Publication year - 2006
Publication title -
immunology
Language(s) - English
Resource type - Journals
SCImago Journal Rank - 2.297
H-Index - 133
eISSN - 1365-2567
pISSN - 0019-2805
DOI - 10.1111/j.1365-2567.2006.02367.x
Subject(s) - immune system , chemokine , microbiology and biotechnology , interferon , trif , biology , dna , receptor , cytoplasm , chemistry , innate immune system , immunology , toll like receptor , genetics
Summary Introducing double‐stranded DNA (dsDNA) into the cytoplasm of macrophages and dendritic cells triggers the activation of these professional antigen‐presenting cells (APCs).
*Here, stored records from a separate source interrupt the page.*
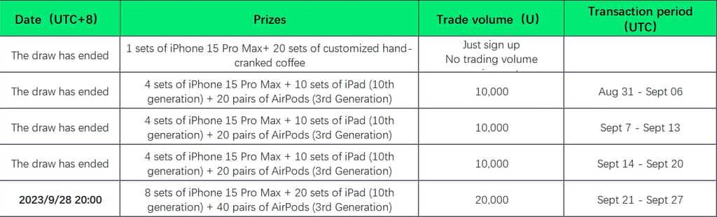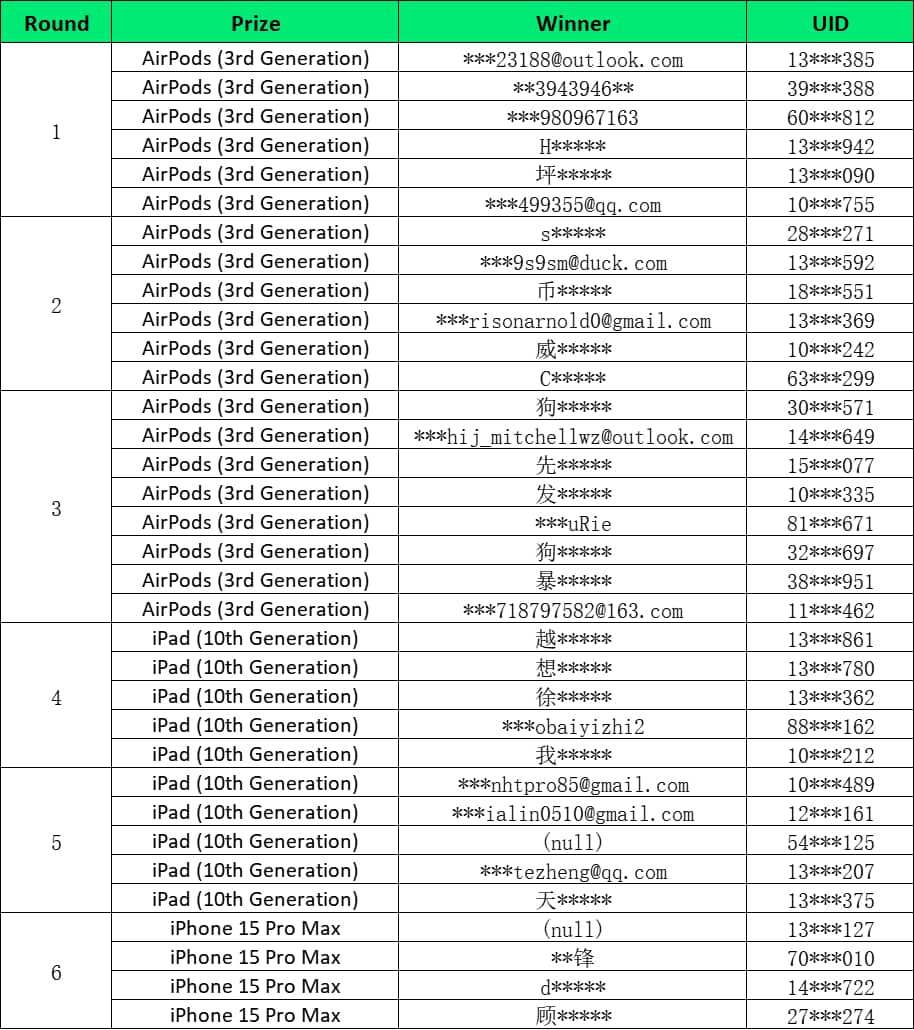 Dear Gate.io Users:The Four round of WCTC S5 live lottery has been successfully held. Thank you all for your support of this event, and thank you to the special guests in the live broadcast for bringing joy to the event.After six rounds of live draws, there were 20 traders who won the AirPods (3rd Generation),and 10 traders who won an iPad (10th generation), and 4 traders who won an iPhone 15 Pro Max. Congratulations!
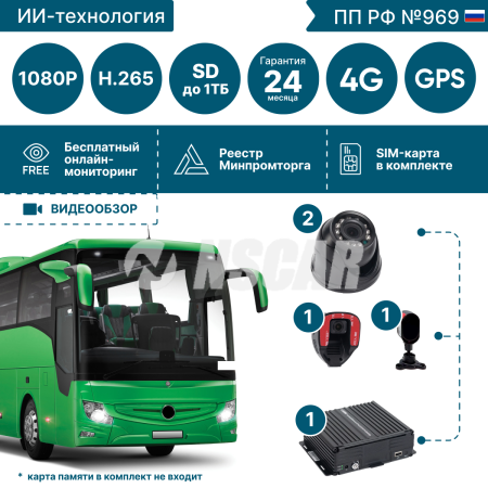 Комплект видеонаблюдения для общественного транспорта с системой помощи и контроля водителя ADAS-DSM. Подходит для установки на автобусы, маршрутные такси, троллейбусы, трамваи.
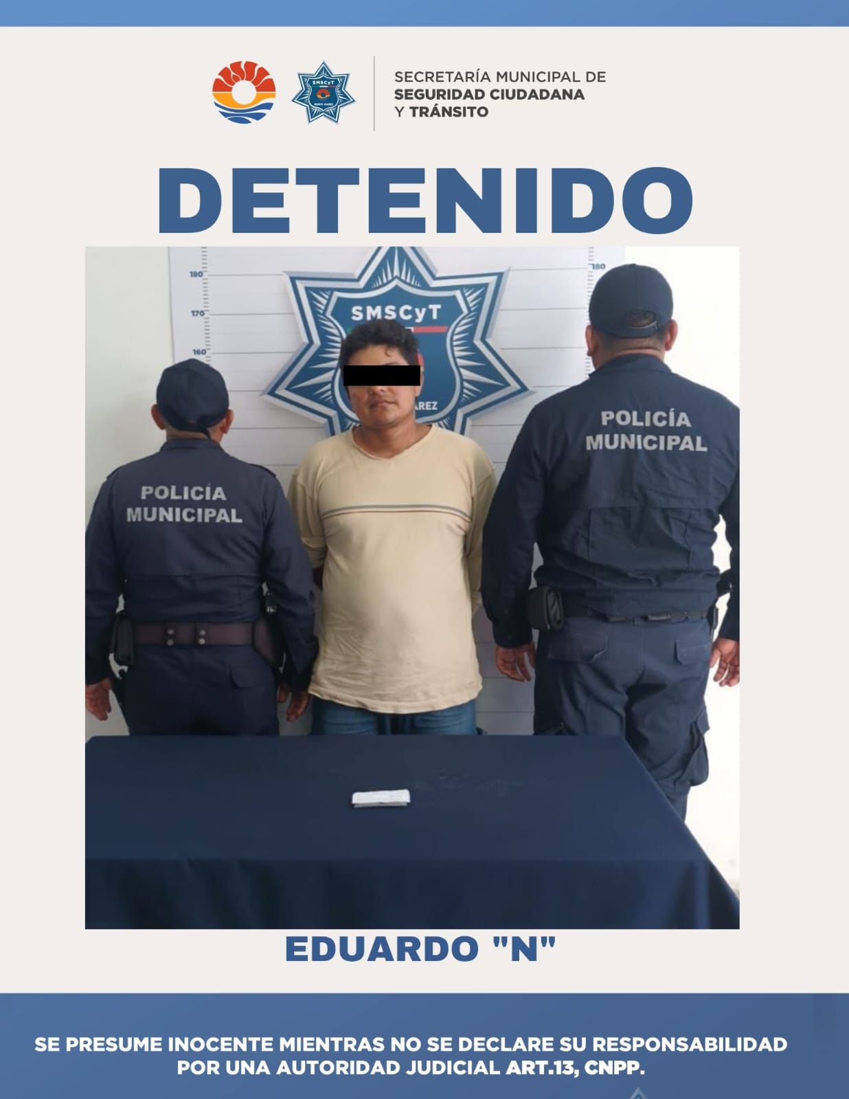 6 DE OCTUBRE DEL 2025 – LOCAL. Un individuo identificado como Eduardo “N”, de 32 años, fue detenido por elementos de la Secretaría Municipal de Seguridad Ciudadana y Tránsito (SMSCyT) de Benito Juárez. La detención se llevó a cabo por la presunta comisión del delito contra la seguridad del tránsito de vehículos y encubrimiento. Esta acción se enmarca en los operativos constantes que las autoridades realizan para mantener el orden y la legalidad en las calles de la ciudad, enfocándose en vehículos que podrían estar involucrados en actividades ilícitas.
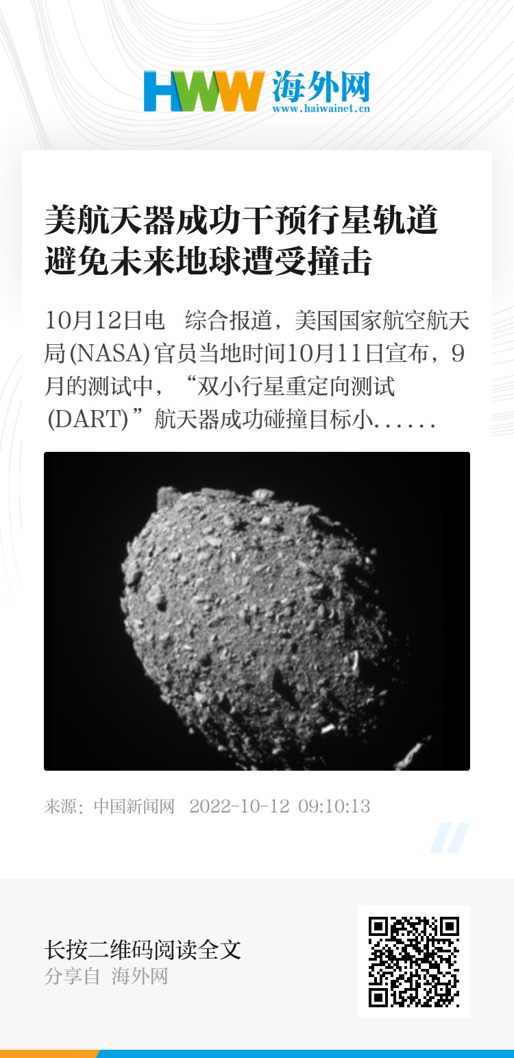 中新网10月12日电 综合报道,美国国家航空航天局(NASA)官员当地时间10月11日宣布,9月的测试中,“双小行星重定向测试(DART)”航天器成功碰撞目标小行星,并改变其原有运行轨道。
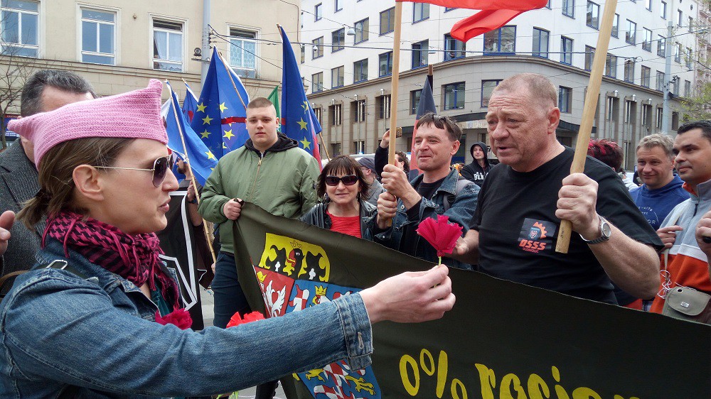 Pochod krajní pravice rušilo bubnování a zpěv odpůrců. 'Brno nehajluje!' neslo se Moravákem
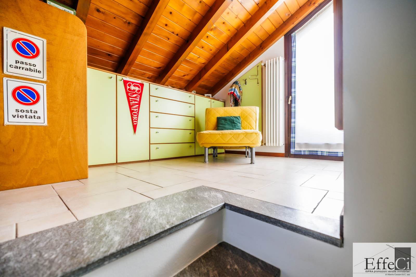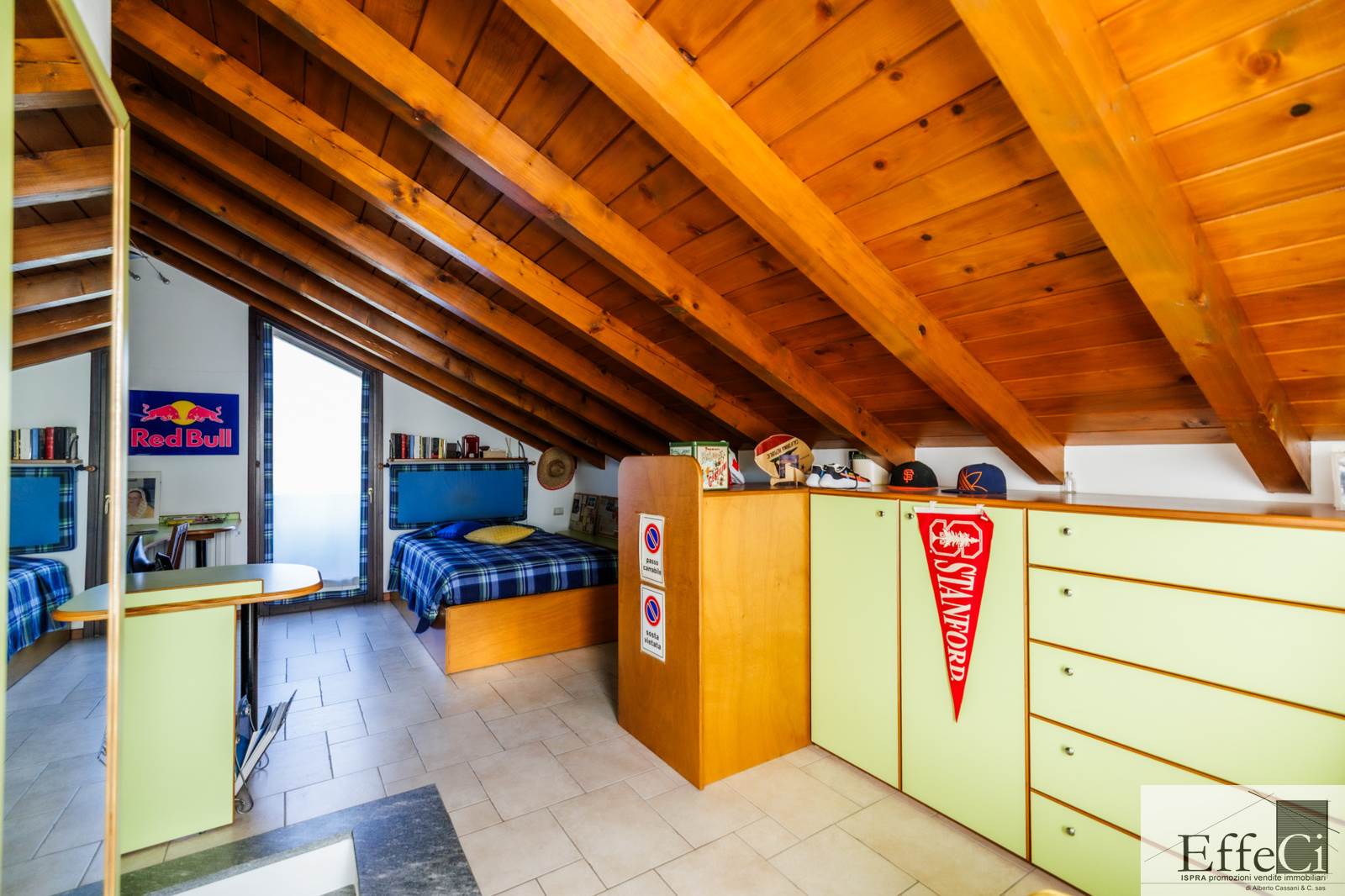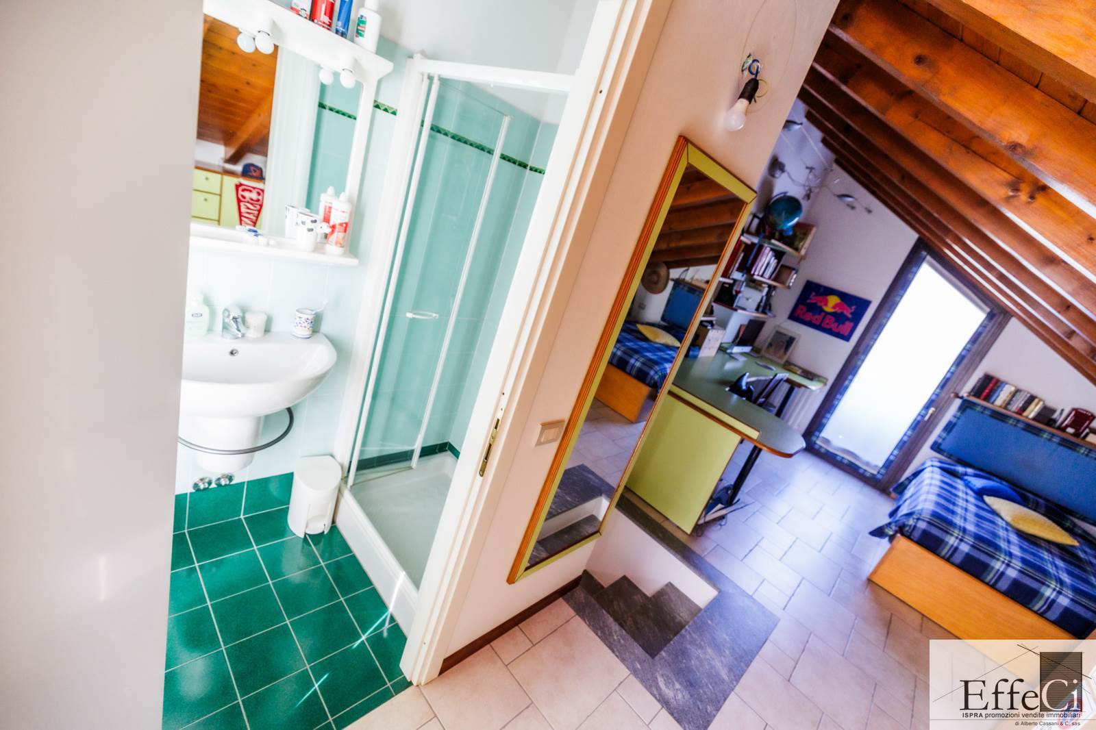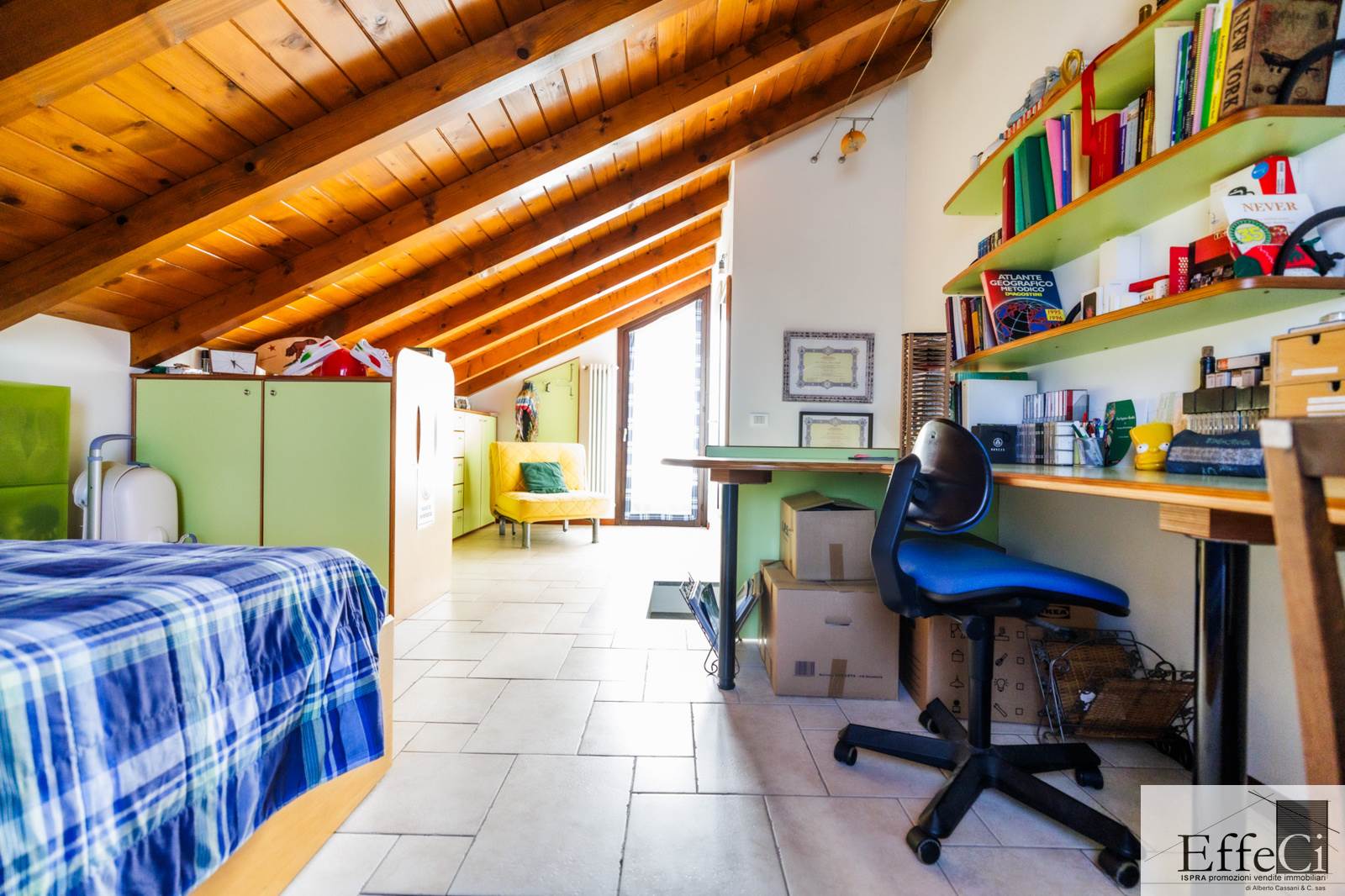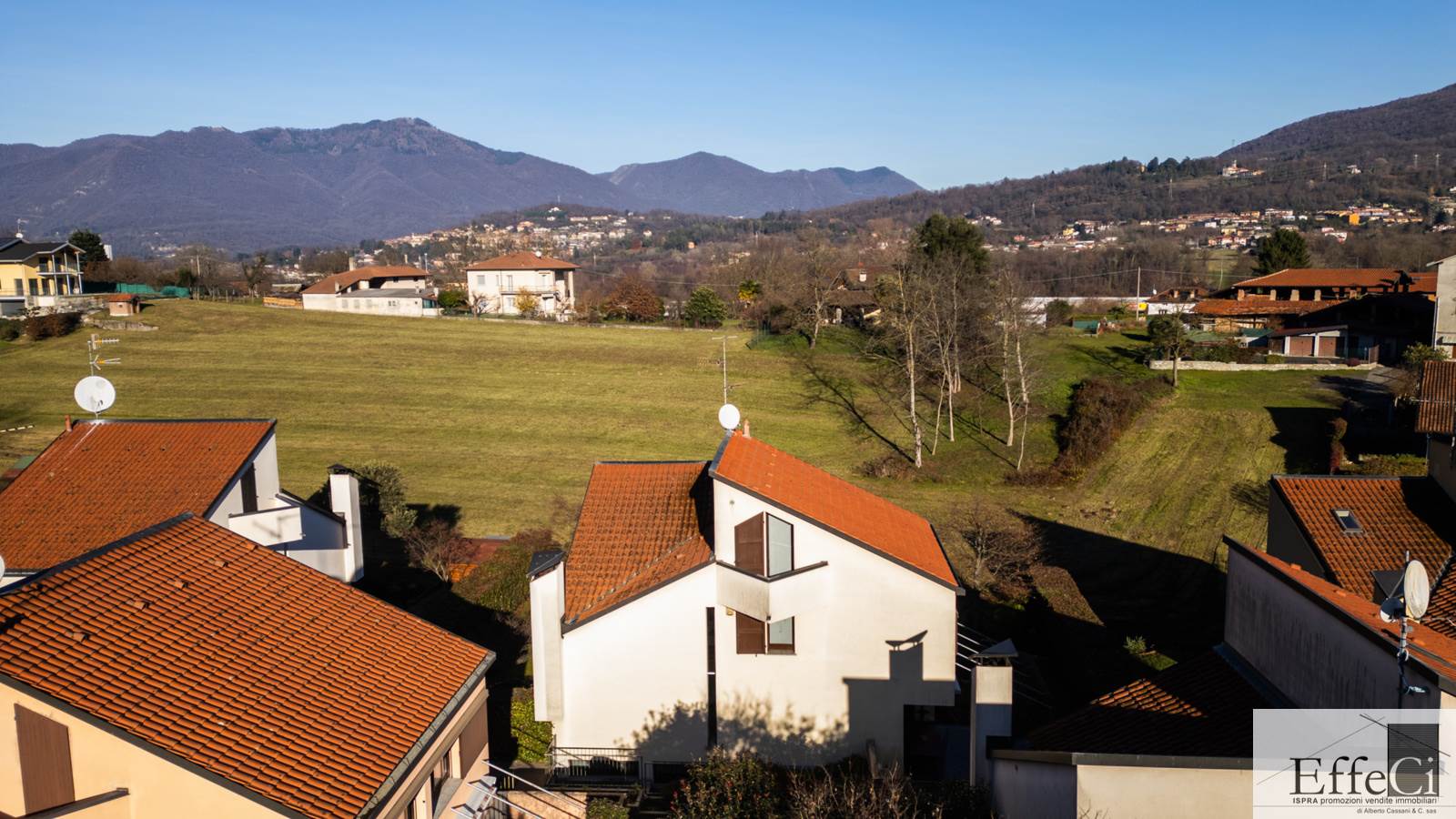 In zona verde e residenziale, vicino ai principali servizi, particolare e moderna villa indipendente con giardino privato, inserita in piccolo contesto immobiliare, disposta su piani ammezzati e composta da ingresso, sala da pranzo con accesso al patio, cucina, salotto con travi a vista, camino e portico, due camere matrimoniali di cui una con cabina armadio, soppalco utilizzabile come studio/camera, ampia camera con travi a vista, wc e due balconi. Al piano seminterrato taverna con cucina a vista, bagno, locale caldaia/lavanderia ed accesso diretto all'autorimessa. L'immobile nella sua tipicità si trova in buone condizioni con serramenti in legno con vetrocamera doppia, rivestimenti in ceramica, impianto di allarme e teda sole automatizzata. Il giardino è ben piantumato e godibile. Area verde comune adibita a parcheggio.

This process is characterized by the up‐regulation of costimulatory molecules and the production of various cytokines, chemokines, and antibacterial/viral factors. Current findings indicate that interferon‐β (IFN‐β) plays a key role in the stimulatory cascade triggered by dsDNA. Both immune and non‐immune cells respond to intracytoplasmic dsDNA by up‐regulating IFN‐β) expression, a process that reduces host susceptibility to infection. The immune activation induced by dsDNA is independent of MyD88, TRIF and DNA‐PKcs, indicating that a Toll‐like receptor‐independent mechanism underlies the cellular activation mediated by intracytoplasmic dsDNA.